You mean the Carnival round Canal Street? Thats not till August I think, I'm going. If you know of any other Queer stuff please elaborate


----------



## tufty79 (May 12, 2007)

http://www.queerupnorth.com/index2.php

Events take place from 7-27 May. apparently.


----------



## sojourner (May 12, 2007)

Kidda said:
			
		

> is anyone going to any of the queer up north stuff?


Dunno

What would you fancy?

It's getting back from Manc at night that's a problem for me...otherwise Queering the Pitch doesn't look too bad.  The Village Fete looks a giggle, that's on a Sunday affy though - although isn't it a bank hol next day?  Which would be good


----------



## chio (May 12, 2007)

Fledgling said:
			
		

> Why oh why are you going down there? Terrible place IMO, it's nowhere near the north!

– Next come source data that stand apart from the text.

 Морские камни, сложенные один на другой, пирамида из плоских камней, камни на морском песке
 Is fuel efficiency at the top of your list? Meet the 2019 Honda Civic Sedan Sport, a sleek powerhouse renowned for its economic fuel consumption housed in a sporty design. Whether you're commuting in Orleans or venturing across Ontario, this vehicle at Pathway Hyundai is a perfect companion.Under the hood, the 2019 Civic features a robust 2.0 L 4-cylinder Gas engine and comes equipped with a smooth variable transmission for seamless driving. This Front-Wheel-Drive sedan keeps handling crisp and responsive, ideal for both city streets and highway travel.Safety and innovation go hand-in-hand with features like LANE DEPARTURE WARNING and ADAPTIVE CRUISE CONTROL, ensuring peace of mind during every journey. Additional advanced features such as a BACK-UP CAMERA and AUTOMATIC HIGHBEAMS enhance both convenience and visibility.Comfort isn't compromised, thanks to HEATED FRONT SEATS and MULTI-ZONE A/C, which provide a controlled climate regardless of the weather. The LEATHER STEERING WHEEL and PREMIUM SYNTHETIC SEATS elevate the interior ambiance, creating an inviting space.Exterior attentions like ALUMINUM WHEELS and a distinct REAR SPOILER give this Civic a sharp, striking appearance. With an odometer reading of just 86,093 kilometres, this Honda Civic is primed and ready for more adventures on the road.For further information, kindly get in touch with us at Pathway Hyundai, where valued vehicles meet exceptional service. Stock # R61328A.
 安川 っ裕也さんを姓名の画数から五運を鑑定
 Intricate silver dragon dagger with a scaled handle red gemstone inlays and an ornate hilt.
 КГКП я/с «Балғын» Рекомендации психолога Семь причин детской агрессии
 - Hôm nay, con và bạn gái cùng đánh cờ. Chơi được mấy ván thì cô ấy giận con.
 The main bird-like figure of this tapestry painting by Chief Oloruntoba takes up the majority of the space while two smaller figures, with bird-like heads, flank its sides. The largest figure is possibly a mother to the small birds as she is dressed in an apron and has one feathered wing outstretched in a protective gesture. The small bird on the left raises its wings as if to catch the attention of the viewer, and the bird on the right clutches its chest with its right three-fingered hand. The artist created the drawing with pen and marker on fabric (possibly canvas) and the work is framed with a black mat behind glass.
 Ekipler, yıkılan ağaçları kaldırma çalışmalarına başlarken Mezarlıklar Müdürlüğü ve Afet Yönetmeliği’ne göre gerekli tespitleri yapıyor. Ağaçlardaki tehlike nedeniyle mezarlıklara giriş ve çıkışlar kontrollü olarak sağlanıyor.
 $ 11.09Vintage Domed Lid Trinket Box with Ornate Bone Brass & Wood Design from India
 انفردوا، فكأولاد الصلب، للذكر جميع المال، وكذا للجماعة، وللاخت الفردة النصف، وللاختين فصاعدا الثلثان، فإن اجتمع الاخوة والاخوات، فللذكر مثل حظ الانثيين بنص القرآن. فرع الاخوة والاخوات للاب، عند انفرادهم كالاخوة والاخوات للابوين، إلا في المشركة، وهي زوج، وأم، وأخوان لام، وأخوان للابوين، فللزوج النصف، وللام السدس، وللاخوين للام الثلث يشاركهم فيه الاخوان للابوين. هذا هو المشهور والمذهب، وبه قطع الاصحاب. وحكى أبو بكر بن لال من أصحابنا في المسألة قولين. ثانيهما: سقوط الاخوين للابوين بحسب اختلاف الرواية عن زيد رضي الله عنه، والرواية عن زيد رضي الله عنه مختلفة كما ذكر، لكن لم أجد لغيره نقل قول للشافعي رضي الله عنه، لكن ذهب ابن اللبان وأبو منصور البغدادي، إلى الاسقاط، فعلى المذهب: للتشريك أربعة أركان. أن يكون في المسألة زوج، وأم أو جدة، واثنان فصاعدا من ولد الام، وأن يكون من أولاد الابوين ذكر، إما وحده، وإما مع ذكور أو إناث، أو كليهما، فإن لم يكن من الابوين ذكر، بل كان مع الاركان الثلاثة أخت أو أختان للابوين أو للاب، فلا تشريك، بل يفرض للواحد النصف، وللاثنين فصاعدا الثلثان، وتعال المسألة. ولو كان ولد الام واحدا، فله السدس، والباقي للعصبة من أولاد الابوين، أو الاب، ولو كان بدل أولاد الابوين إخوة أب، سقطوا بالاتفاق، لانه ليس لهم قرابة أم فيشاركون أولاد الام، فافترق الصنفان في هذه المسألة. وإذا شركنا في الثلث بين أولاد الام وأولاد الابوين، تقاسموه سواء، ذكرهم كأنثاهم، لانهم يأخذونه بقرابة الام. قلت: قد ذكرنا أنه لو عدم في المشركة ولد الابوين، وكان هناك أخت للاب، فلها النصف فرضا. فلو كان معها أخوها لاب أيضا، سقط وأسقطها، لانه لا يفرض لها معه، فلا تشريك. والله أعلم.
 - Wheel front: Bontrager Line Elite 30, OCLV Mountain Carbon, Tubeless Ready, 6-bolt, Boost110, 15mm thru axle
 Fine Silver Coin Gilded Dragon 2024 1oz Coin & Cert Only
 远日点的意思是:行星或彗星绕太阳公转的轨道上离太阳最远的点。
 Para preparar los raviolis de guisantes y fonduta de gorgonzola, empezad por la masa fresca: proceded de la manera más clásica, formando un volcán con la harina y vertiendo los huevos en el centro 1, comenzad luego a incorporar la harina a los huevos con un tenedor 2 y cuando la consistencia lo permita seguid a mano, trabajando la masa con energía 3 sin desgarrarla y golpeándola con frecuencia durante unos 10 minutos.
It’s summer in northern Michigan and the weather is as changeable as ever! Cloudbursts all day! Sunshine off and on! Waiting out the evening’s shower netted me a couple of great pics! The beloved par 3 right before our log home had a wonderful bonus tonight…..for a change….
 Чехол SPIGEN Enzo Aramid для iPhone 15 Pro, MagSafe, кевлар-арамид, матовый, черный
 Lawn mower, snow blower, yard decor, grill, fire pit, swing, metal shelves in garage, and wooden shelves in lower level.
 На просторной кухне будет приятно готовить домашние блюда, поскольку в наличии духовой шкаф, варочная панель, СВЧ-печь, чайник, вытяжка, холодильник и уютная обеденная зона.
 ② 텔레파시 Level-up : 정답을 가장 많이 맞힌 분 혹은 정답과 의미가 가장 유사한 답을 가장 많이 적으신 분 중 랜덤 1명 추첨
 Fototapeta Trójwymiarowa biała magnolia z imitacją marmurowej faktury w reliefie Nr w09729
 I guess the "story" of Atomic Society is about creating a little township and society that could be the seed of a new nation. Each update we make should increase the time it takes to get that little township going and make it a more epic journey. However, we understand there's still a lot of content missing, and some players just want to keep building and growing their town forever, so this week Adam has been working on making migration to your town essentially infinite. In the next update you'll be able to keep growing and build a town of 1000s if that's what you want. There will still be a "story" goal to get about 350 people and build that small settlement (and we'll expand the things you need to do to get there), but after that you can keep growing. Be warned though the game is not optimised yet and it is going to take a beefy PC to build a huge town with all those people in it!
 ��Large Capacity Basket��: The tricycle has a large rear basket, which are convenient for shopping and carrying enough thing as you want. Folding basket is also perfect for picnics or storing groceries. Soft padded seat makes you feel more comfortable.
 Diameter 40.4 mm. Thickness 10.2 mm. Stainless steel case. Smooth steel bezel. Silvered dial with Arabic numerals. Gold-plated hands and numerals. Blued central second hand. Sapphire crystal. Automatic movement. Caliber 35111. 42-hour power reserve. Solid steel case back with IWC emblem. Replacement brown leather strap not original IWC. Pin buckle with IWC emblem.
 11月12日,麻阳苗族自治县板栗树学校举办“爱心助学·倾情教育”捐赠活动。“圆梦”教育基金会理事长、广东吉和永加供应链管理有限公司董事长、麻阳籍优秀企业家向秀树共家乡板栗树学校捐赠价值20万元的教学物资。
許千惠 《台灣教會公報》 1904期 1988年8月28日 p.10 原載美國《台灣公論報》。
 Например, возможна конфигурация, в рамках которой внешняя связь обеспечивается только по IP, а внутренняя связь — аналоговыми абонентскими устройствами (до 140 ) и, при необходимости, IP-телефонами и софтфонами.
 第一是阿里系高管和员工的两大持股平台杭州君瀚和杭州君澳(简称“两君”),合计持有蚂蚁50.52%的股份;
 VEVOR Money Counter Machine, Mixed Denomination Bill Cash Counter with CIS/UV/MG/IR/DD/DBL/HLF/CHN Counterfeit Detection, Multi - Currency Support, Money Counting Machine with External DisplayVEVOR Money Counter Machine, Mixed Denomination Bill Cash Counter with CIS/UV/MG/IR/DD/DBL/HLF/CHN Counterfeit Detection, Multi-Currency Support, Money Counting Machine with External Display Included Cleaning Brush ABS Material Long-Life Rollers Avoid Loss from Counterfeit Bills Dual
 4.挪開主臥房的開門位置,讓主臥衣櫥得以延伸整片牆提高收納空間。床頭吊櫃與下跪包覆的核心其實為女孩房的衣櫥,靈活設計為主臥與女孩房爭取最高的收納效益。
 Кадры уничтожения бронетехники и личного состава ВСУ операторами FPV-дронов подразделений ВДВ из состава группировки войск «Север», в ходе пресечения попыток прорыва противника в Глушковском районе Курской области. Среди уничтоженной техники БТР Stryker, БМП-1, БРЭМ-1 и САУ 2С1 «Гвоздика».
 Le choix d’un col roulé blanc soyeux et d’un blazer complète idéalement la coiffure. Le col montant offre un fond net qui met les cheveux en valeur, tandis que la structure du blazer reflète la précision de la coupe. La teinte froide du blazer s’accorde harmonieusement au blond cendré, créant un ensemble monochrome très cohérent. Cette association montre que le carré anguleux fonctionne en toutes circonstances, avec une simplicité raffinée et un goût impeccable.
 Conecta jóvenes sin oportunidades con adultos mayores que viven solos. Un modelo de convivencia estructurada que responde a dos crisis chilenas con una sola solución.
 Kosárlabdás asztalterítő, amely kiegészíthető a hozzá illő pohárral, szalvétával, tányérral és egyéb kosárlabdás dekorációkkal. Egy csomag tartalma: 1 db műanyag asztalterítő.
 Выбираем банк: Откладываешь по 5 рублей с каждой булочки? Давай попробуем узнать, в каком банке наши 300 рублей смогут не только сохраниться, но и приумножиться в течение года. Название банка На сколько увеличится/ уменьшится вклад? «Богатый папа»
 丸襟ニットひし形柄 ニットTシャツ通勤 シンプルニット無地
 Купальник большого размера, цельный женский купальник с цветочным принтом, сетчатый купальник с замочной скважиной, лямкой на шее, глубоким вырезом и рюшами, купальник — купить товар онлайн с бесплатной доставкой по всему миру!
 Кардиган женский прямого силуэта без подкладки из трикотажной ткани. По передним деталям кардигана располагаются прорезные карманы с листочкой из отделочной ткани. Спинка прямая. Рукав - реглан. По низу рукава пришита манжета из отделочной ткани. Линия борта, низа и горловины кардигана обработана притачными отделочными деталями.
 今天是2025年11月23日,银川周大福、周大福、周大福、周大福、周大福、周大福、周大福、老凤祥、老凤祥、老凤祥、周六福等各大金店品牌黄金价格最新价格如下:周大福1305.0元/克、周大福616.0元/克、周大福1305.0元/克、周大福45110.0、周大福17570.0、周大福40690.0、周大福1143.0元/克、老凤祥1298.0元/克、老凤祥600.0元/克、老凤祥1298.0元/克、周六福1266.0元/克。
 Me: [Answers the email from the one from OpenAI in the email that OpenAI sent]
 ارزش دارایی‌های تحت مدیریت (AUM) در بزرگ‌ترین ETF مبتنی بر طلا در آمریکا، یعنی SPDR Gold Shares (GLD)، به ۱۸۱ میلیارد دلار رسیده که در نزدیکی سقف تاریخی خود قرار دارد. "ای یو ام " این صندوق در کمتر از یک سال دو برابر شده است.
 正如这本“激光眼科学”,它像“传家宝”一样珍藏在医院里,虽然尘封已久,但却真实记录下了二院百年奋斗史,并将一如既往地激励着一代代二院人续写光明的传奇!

Oh, just work stuff. Hopefully a quick in-out


----------



## chio (May 12, 2007)

To be honest, I don't think I can be bothered to go out, I just don't feel like it these days. Too much hassle getting into town and then it's hideously expensive, then people asking why I'm not drinking and me having to mumble some crap about the car... nah


----------



## King Biscuit Time (May 12, 2007)

Well I'm still up for a drink in Manchester - I've never been there. Would have to get back to Sheffield after - or have a driveway to park my camper on!


----------